Segment Start: Input records
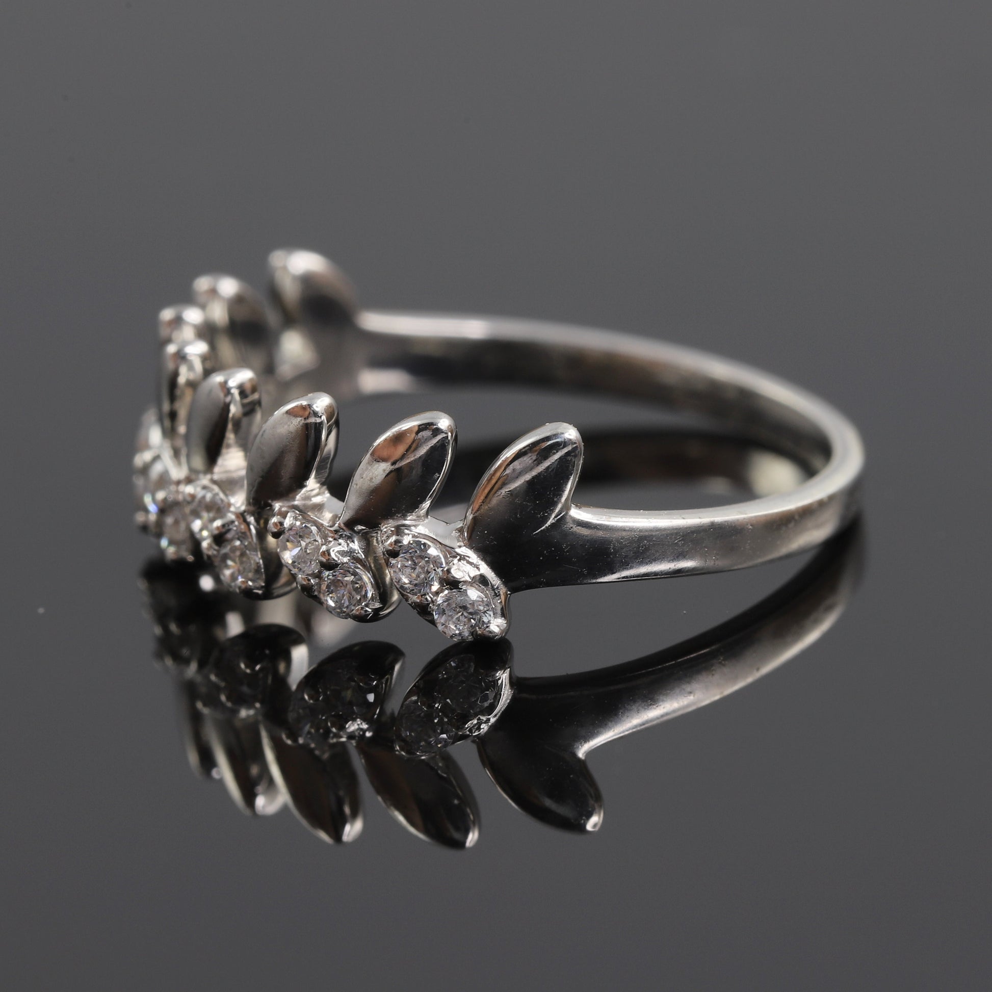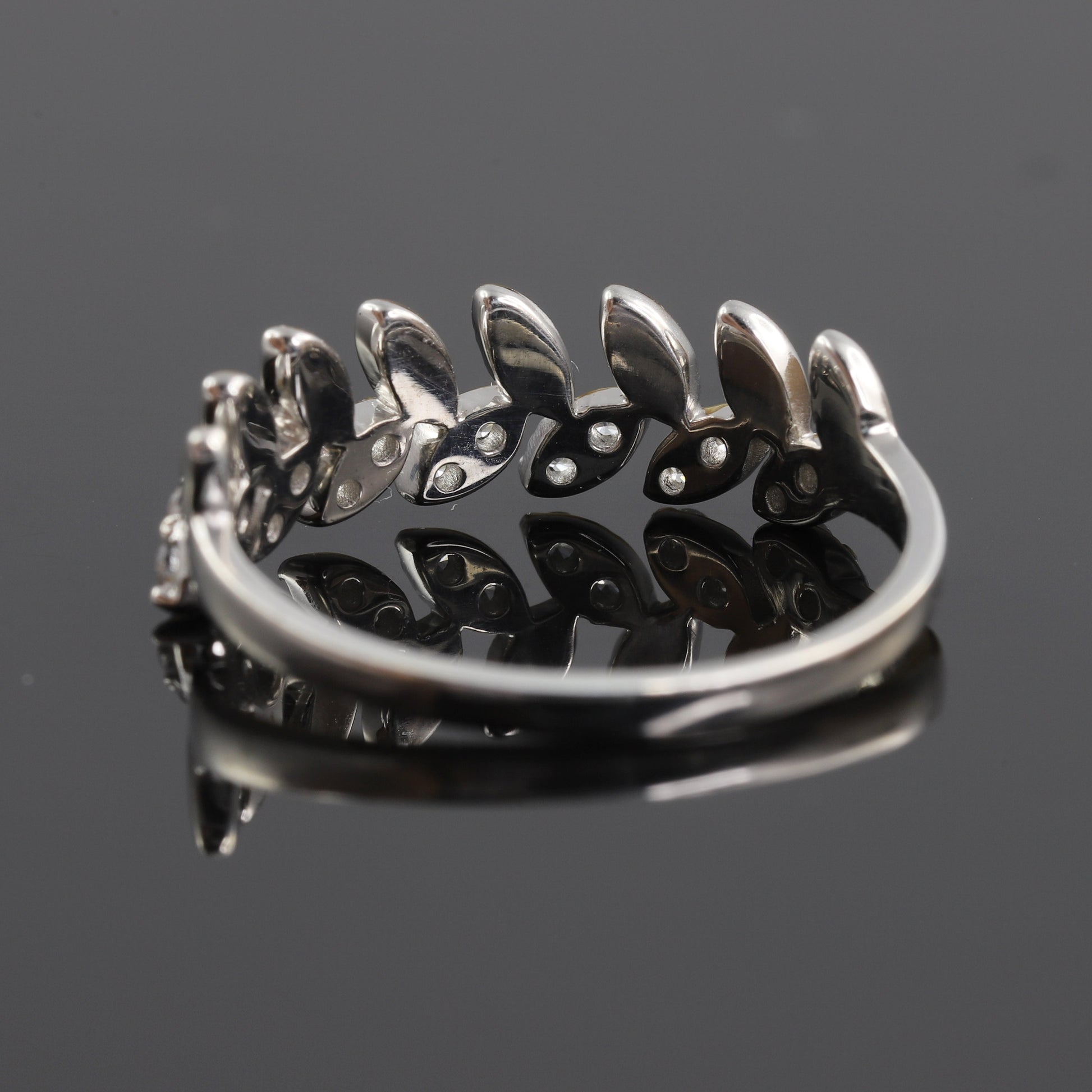 Leaf Inspired Vintage Moissanite Wedding Band, Half Eternity Round Moissanite Diamond Ring, Wedding Ring For Woman, 14K Solid White Gold Band
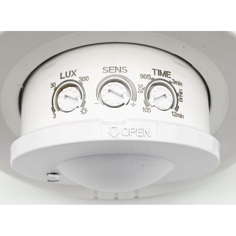 - Motion sensor - The sensor reacts to movements at an angle of 360° thanks to radar technology. The detection range of the motion sensor is adjustable up to 8 m radius. The switch-on time can be set between 10s and 12min.
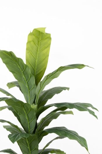 - Siyah Saksıda Çim Detaylı Büyük Yapraklı Yapay Difenbahya Ağacı 120 Cm
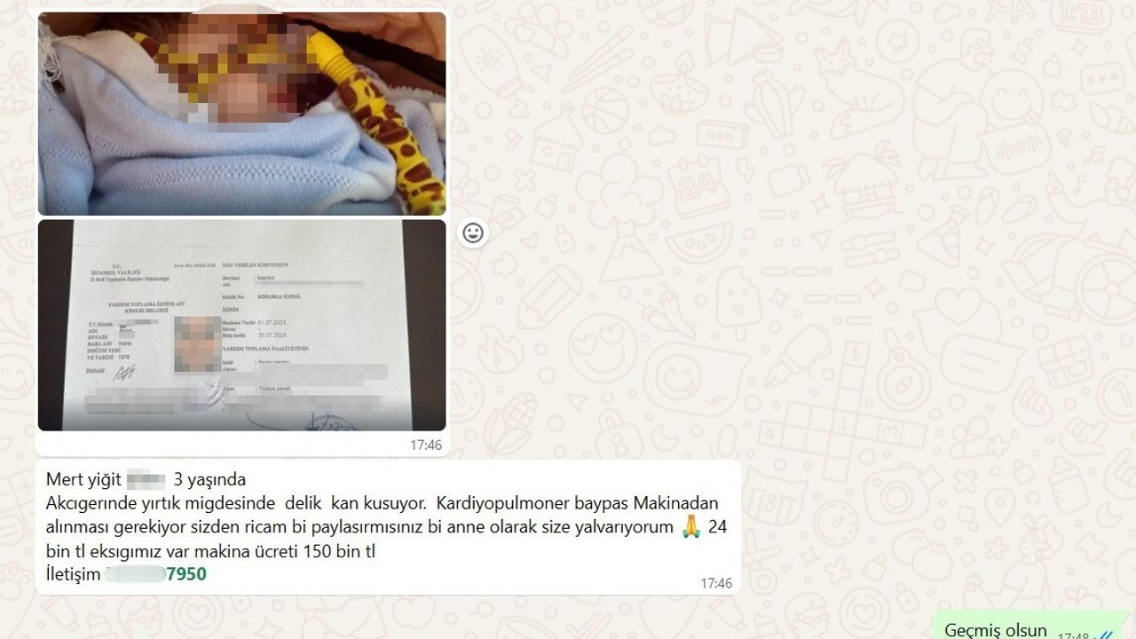 Kısa süre sonra aynı basın mensubuna, kendisini A.B. olarak tanıtan başka bir şahıs yazdı. Bir anne olduğu belirten şahıs; akciğerinde yırtık ve midesinde delik olan M.Y.B. isimli 3 yaşındaki çocuğunun kan kustuğunu, 150 bin TL’ye makine almaları gerektiğini dile getirdi. Yaklaşık 24 bin TL açıkları olduğundan bahseden şahıs, aynı şekilde bir sosyal medya paylaşımı yapılmasını istedi. Şahıs ayrıca, İstanbul Valiliği İl Sivil Toplum Müdürlüğü’nün onayı dahilinde bağış kampanyası yürüttüklerini öne sürerek belge paylaştı.
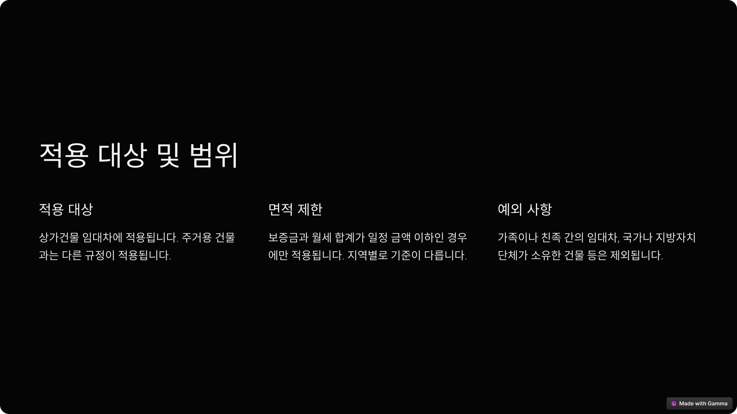 법률은 보증금과 월세를 합산한 금액이 일정 한도를 초과하는 경우에는 적용되지 않습니다. 이 한도는 지역별로 다르게 설정되며, 서울과 같은 대도시와 지방 소도시 간에 차이가 있습니다. 예를 들어, 대도시에서는 높은 임대료 환경을 반영해 더 높은 기준이 적용됩니다.
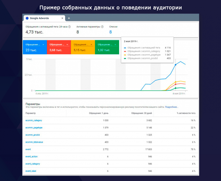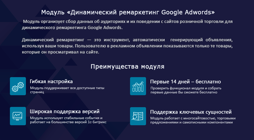 Модуль организует cбор данных об аудиториях и их поведении с сайтов розничной торговли для динамического ремаркетинга Google Adwords
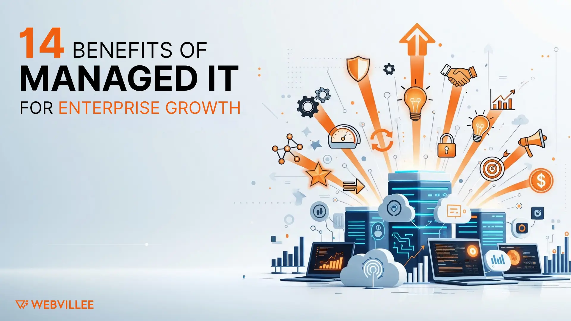 In this blog, we will explore 14 practical benefits that managed IT services deliver. Each section outlines how outsourcing IT enables enterprises to reduce risks, boost efficiency, and sustain growth while keeping costs under control.
Segment End: Input records
*Work order*: The lines to set down run from the line with "- Siyah Saksıda" up to and including the line with "법률은 보증금과 월세를" in the entries above. Reproduce them exactly, with no pictures.

*Exercise answer*:
 - Siyah Saksıda Çim Detaylı Büyük Yapraklı Yapay Difenbahya Ağacı 120 Cm
 Kısa süre sonra aynı basın mensubuna, kendisini A.B. olarak tanıtan başka bir şahıs yazdı. Bir anne olduğu belirten şahıs; akciğerinde yırtık ve midesinde delik olan M.Y.B. isimli 3 yaşındaki çocuğunun kan kustuğunu, 150 bin TL’ye makine almaları gerektiğini dile getirdi. Yaklaşık 24 bin TL açıkları olduğundan bahseden şahıs, aynı şekilde bir sosyal medya paylaşımı yapılmasını istedi. Şahıs ayrıca, İstanbul Valiliği İl Sivil Toplum Müdürlüğü’nün onayı dahilinde bağış kampanyası yürüttüklerini öne sürerek belge paylaştı.
 법률은 보증금과 월세를 합산한 금액이 일정 한도를 초과하는 경우에는 적용되지 않습니다. 이 한도는 지역별로 다르게 설정되며, 서울과 같은 대도시와 지방 소도시 간에 차이가 있습니다. 예를 들어, 대도시에서는 높은 임대료 환경을 반영해 더 높은 기준이 적용됩니다.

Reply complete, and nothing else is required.